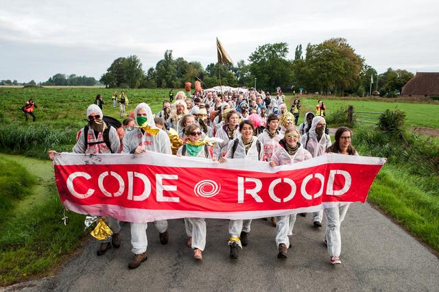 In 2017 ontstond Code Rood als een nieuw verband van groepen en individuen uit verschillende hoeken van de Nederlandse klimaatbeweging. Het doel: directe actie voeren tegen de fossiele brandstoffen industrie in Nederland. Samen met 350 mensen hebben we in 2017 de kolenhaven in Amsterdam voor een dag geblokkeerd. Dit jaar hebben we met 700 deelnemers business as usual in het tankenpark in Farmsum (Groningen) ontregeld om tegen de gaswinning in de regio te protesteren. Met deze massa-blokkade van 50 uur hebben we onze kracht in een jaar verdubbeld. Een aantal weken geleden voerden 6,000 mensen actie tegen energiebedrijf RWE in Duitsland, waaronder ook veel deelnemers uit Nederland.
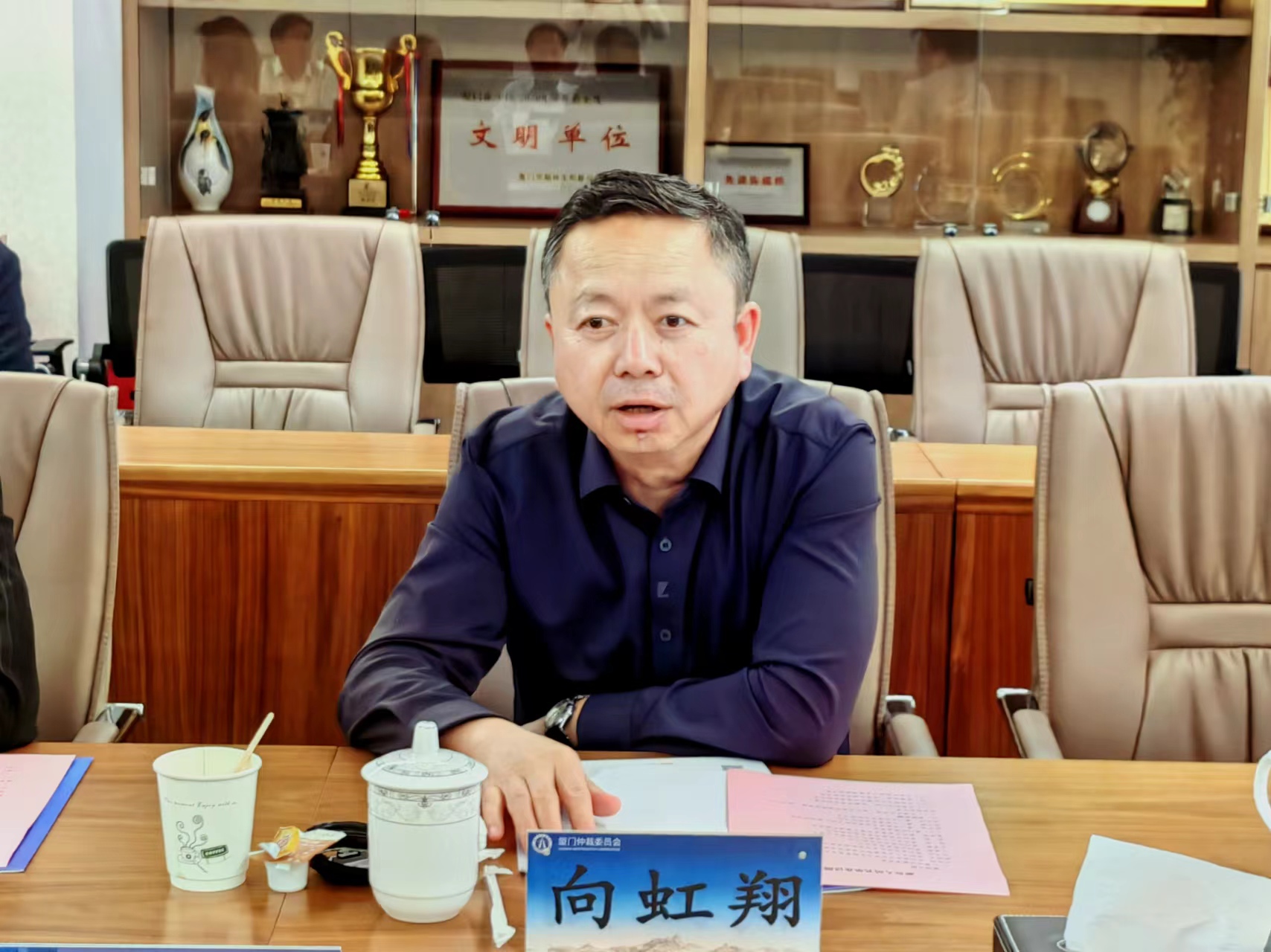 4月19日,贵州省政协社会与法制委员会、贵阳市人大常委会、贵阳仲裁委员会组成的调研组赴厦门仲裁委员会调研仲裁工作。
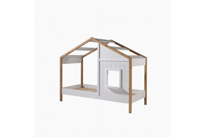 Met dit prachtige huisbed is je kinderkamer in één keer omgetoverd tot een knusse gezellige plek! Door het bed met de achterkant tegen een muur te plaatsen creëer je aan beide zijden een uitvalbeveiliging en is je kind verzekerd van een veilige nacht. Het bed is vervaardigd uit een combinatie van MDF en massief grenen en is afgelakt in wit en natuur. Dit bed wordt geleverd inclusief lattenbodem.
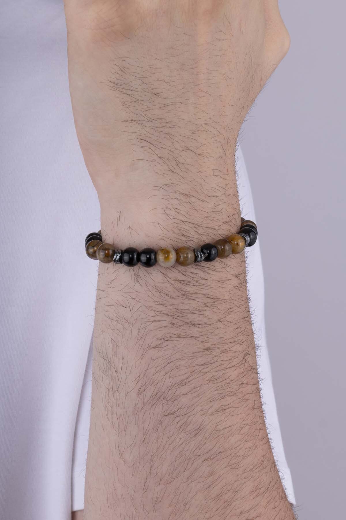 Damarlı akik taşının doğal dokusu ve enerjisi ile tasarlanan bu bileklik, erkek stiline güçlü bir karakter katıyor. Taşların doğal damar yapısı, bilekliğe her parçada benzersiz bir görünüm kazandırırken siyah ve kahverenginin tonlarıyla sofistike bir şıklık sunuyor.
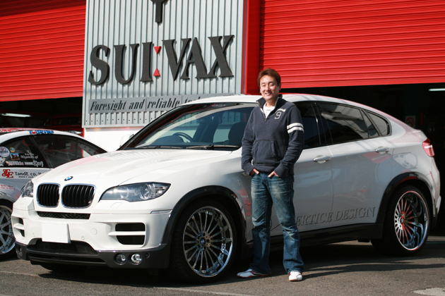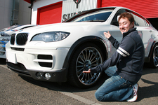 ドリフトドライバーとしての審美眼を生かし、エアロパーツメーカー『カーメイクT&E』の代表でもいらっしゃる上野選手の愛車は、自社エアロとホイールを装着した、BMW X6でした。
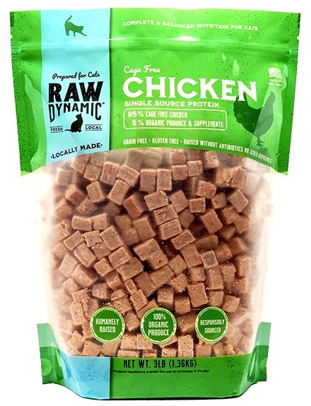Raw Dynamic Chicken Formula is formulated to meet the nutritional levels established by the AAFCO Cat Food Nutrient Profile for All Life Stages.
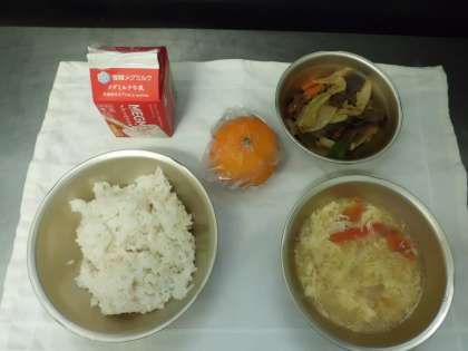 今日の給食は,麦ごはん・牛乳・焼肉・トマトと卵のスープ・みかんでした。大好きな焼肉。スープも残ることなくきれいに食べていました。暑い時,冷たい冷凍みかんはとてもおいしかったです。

--

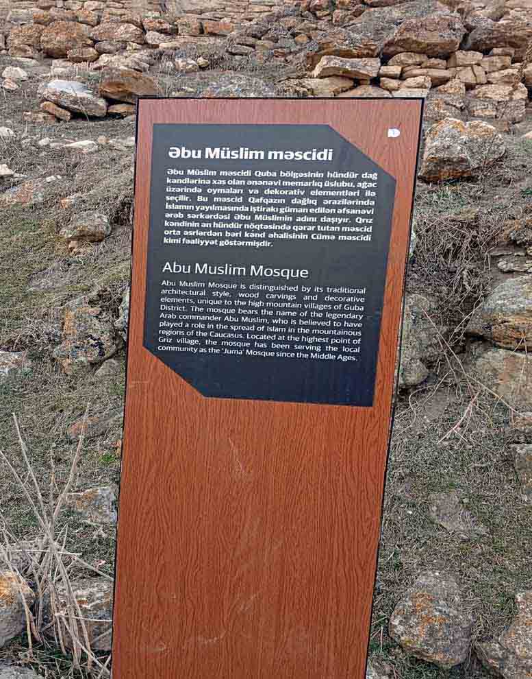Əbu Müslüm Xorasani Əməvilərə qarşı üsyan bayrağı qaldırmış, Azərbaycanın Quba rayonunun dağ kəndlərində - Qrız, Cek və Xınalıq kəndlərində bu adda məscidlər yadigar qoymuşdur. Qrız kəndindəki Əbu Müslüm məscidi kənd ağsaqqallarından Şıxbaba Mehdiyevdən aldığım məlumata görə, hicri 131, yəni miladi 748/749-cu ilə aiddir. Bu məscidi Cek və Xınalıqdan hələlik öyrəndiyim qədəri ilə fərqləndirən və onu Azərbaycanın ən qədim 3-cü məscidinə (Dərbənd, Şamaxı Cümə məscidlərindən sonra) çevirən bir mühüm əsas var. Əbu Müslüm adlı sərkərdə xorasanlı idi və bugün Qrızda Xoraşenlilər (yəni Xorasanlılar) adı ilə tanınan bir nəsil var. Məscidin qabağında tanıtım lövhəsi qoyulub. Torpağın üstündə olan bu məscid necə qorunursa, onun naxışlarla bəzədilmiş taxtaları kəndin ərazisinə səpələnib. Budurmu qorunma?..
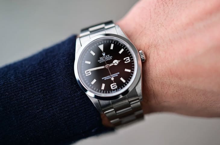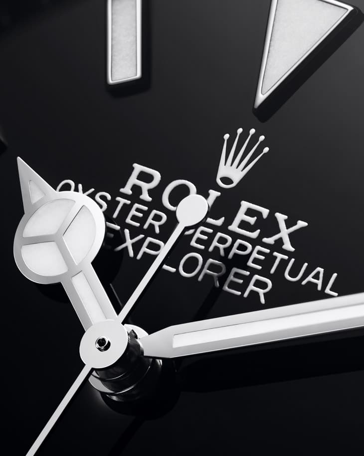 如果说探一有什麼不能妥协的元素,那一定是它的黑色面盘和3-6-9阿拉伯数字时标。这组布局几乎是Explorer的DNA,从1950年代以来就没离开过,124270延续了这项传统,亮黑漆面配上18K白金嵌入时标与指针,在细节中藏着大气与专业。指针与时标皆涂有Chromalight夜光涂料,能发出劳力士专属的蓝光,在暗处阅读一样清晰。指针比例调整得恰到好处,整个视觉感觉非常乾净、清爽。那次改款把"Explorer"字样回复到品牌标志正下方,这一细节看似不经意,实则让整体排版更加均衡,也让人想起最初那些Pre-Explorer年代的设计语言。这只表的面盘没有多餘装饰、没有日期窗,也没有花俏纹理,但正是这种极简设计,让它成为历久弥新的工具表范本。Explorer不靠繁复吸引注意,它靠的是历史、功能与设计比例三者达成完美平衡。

#### About this exercise
Copy out the listing above from the line containing "In 2017 ontstond" to the line containing "4月19日,贵州省政协社会与", both included, exactly as written and minus the images.

#### Exercise answer
 In 2017 ontstond Code Rood als een nieuw verband van groepen en individuen uit verschillende hoeken van de Nederlandse klimaatbeweging. Het doel: directe actie voeren tegen de fossiele brandstoffen industrie in Nederland. Samen met 350 mensen hebben we in 2017 de kolenhaven in Amsterdam voor een dag geblokkeerd. Dit jaar hebben we met 700 deelnemers business as usual in het tankenpark in Farmsum (Groningen) ontregeld om tegen de gaswinning in de regio te protesteren. Met deze massa-blokkade van 50 uur hebben we onze kracht in een jaar verdubbeld. Een aantal weken geleden voerden 6,000 mensen actie tegen energiebedrijf RWE in Duitsland, waaronder ook veel deelnemers uit Nederland.
 4月19日,贵州省政协社会与法制委员会、贵阳市人大常委会、贵阳仲裁委员会组成的调研组赴厦门仲裁委员会调研仲裁工作。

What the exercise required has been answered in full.